What you should do: Write the records out again exactly as they read, dropping any picture they hold.

Data:
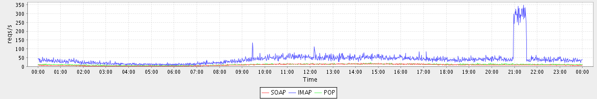 Host zm06.stanford.edu: Mailboxd: Request Rate by Client Protocol
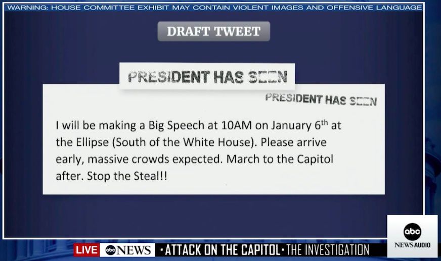 Why it matters: The House Jan. 6 committee used this draft to allege at today's hearing that Trump was planning well in advance to urge the crowd to march on the Capitol, Axios' Erin Doherty reports.
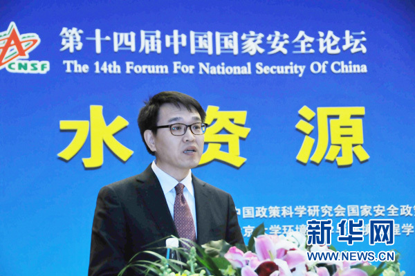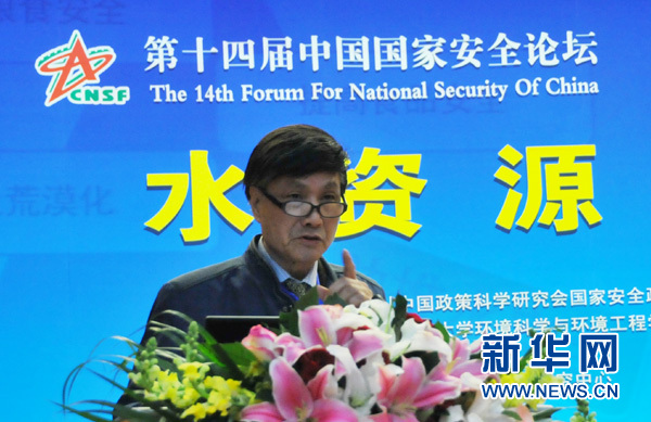 12月19日,以“水資源與國家安全”為主題的第十四屆中國國家安全論壇在北京舉行。圖為國家環(huán)保部總工程師趙英民在論壇上做主題報告。(雷東瑞 攝)
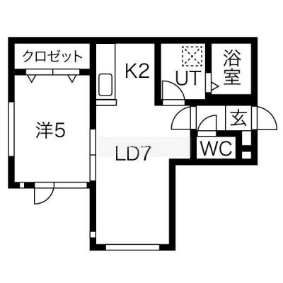 1LDK(32.4m²)└ LD7帖 K2帖 洋室5帖
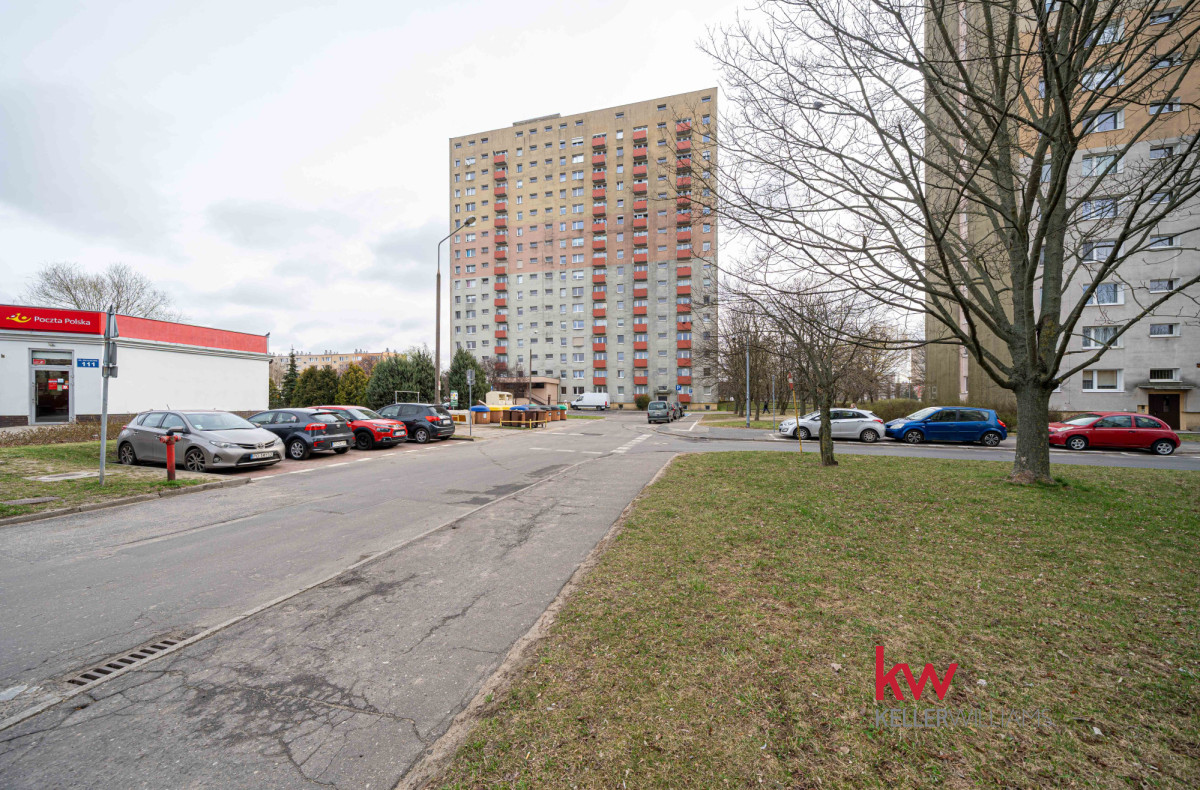 Wieżowiec po modernizacjach – w ostatnich latach wymieniono balkony. Budynek zadbany.
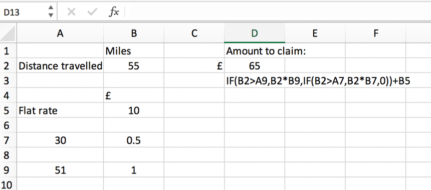 where column D is just descriptive. I put the £10.00 flat fee in Cell E1.

Response area:
 Host zm06.stanford.edu: Mailboxd: Request Rate by Client Protocol
 Why it matters: The House Jan. 6 committee used this draft to allege at today's hearing that Trump was planning well in advance to urge the crowd to march on the Capitol, Axios' Erin Doherty reports.
 12月19日,以“水資源與國家安全”為主題的第十四屆中國國家安全論壇在北京舉行。圖為國家環(huán)保部總工程師趙英民在論壇上做主題報告。(雷東瑞 攝)
 1LDK(32.4m²)└ LD7帖 K2帖 洋室5帖
 Wieżowiec po modernizacjach – w ostatnich latach wymieniono balkony. Budynek zadbany.
 where column D is just descriptive. I put the £10.00 flat fee in Cell E1.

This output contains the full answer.